The role of monocarboxylate transporter 8 during human placental development in normal and IUGR pregnancies

There is a link between mild underactive thyroid gland activity in pregnant women and delayed mental development in offspring. Further investigation suggests that
maternal thyroid hormone (TH) has a direct effect on the baby’s brain development. This would rely on a well-functioning placenta to transport TH from the mother to the baby. Placental development itself is also influenced by TH, including a critical stage when the blood vessels within the wall of the womb are invaded by placental cells in order to form an effective placenta for exchange of essential factors between the mother and baby. In abnormal pregnancies where babies are not growing well (IUGR), impaired growth often stems from disruptions in placental development. Indeed, disorders of the thyroid gland in women are associated with an increased risk of placental disorders such as IUGR as
well as miscarriages, stillbirths and placental bleeding. Currently, our understanding of how the placenta transports TH and how the development of the placenta is affected by TH is very poor. Although the level of TH in the mother’s blood is a crucial factor, there are other factors which can modulate the effects of TH. One of these factors includes a protein found on cell surfaces called MCT8, which is a potent transporter of TH into cells. We aim to clarify the role of MCT8 within the placenta by studying its presence in human placenta and investigating differences between normal and IUGR pregnancies. We also propose to assess how MCT8 affects the properties of placental cells. Worldwide, disruptions in thyroid gland activity during pregnancy and IUGR are common findings, thus this proposed research would have widespread implications.
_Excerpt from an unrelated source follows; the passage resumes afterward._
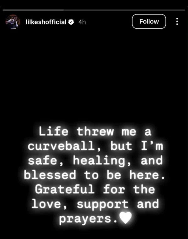 “Life threw me a curveball, but I’m safe, healing, and blessed to be here. Grateful for the love, support and prayers,” he wrote.

Studies investigating the link between maternal thyroid status and neurodevelopmental delay in offspring suggest a direct effect of maternal thyroid hormone (TH) on fetal brain development, which would rely on a well-functioning placenta for transplacental supply of TH. Placental development, including the trophoblastic invasion of the uterine spiral arteries to transform them into high-flow low-resistance vessels for effective maternal-fetal exchange, is itself TH-responsive as evidenced by in-vitro trophoblast studies. However, the molecular mechanisms mediating these processes remain poorly understood. Whilst circulating maternal THs are the major determinants of transplacental fetal TH supply and placental cell supply of the active ligand, triiodothyronine (T3), other factors modulate them including the plasma membrane transport of TH, the expression of iodothyronine deiodinase enzymes and thyroid hormone receptors (TRs). Intrauterine growth restriction (IUGR) contributes significantly to perinatal and neonatal mortality and morbidity. IUGR is associated with fetal hypothyroxinaemia and is accompanied by malplacentation with at least 50% of spiral arteries remaining ?untransformed?.
Hypothesis:
1) Monocarboxylate transporter 8 (MCT8), the most powerful TH plasma membrane transporter, plays an important role in both the transplacental transport of TH and TH-dependent placental development.
2) In the pathological state of IUGR, increased MCT8 and TR expression occurs as a compensatory mechanism attempting to facilitate TH action in trophoblasts.
Key experimental aims:
1) to define the gestational ontogeny and cellular localisation of MCT8, as well as its co-localisation with deiodinases and TRs in human villous placenta and placental bed from the first, second and third trimesters of pregnancy. We will compare differences between IUGR and normal placenta in the third trimester.
2) to investigate whether MCT8 transports factors in addition to TH (as suggested by observations of MCT8 in neurodevelopment).
3) to assess the effects of the level of MCT8 expression on the proliferation, survival and uterine invasion properties of primary cytotrophoblasts and extravillous trophoblasts.
4) to compare TH transport and functional characteristics [as in (3)] of primary cytotrophoblast from IUGR placenta with those from normal placenta.
5) to use gene arrays to identify thyroid hormone responsive genes and their downstream gene transcription effects in primary cytotrophoblasts, as well as assessing the broader T3-independent response modulated by MCT8 effects.
Conclusion:
These experiments will clarify the role of MCT8 in villous and extravillous trophoblasts, and how alterations in the level of MCT expression can affect placental development.